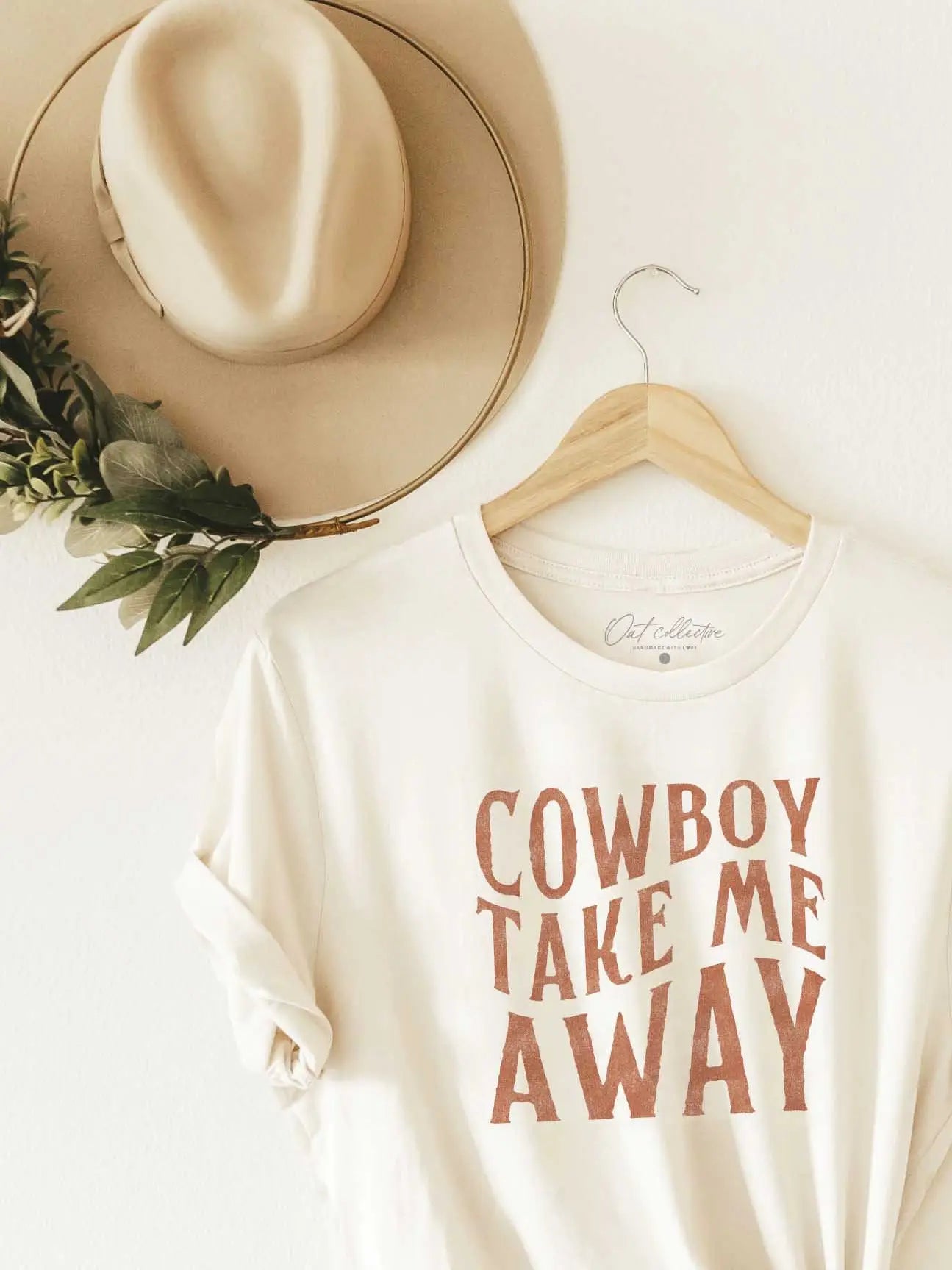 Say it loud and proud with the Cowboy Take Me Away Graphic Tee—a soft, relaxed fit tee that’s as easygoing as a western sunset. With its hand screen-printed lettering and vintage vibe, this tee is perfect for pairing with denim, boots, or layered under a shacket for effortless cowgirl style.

····················

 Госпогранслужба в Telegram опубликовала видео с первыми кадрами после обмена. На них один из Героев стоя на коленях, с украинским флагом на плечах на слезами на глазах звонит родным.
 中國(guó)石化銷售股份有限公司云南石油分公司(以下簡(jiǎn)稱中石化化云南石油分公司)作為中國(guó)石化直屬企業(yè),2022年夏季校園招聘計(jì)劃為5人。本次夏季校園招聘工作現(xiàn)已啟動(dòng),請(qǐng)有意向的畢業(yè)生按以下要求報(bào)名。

····················

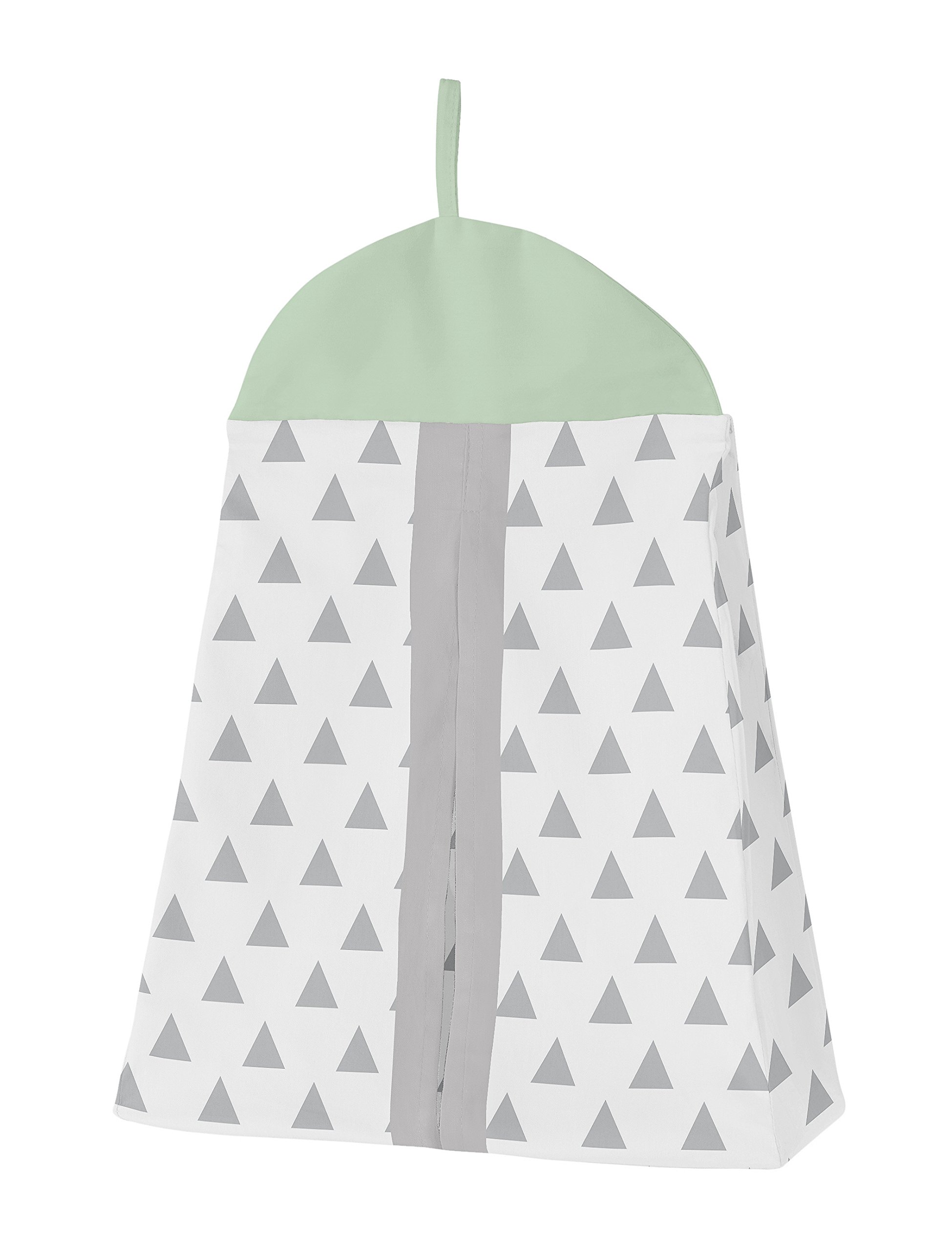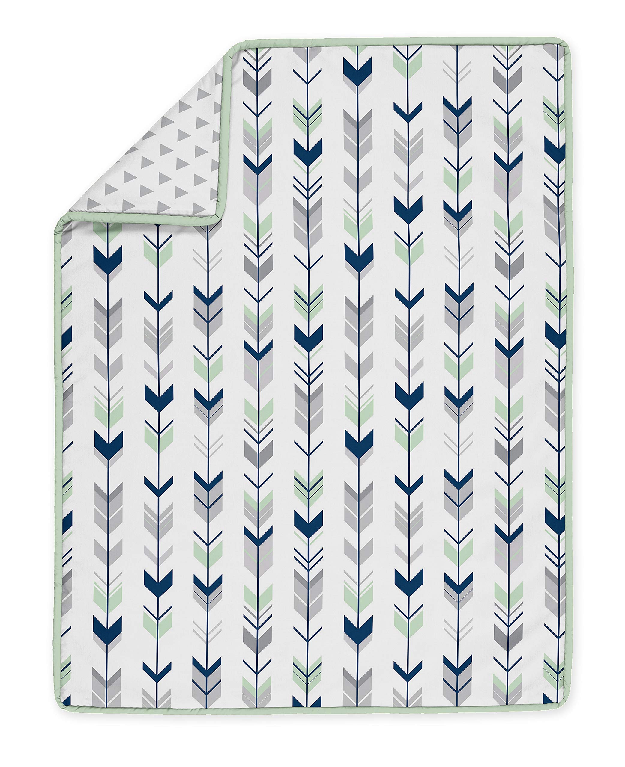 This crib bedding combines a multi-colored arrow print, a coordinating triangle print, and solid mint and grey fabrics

····················

Taking the lines above, repeat exactly those from the line that contains "Госпогранслужба в Telegram" through the line that contains "中國(guó)石化銷售股份有", and both of those lines as well. Include nothing else.

# [RESPONSE TO THIS EXERCISE]
 Госпогранслужба в Telegram опубликовала видео с первыми кадрами после обмена. На них один из Героев стоя на коленях, с украинским флагом на плечах на слезами на глазах звонит родным.
 中國(guó)石化銷售股份有限公司云南石油分公司(以下簡(jiǎn)稱中石化化云南石油分公司)作為中國(guó)石化直屬企業(yè),2022年夏季校園招聘計(jì)劃為5人。本次夏季校園招聘工作現(xiàn)已啟動(dòng),請(qǐng)有意向的畢業(yè)生按以下要求報(bào)名。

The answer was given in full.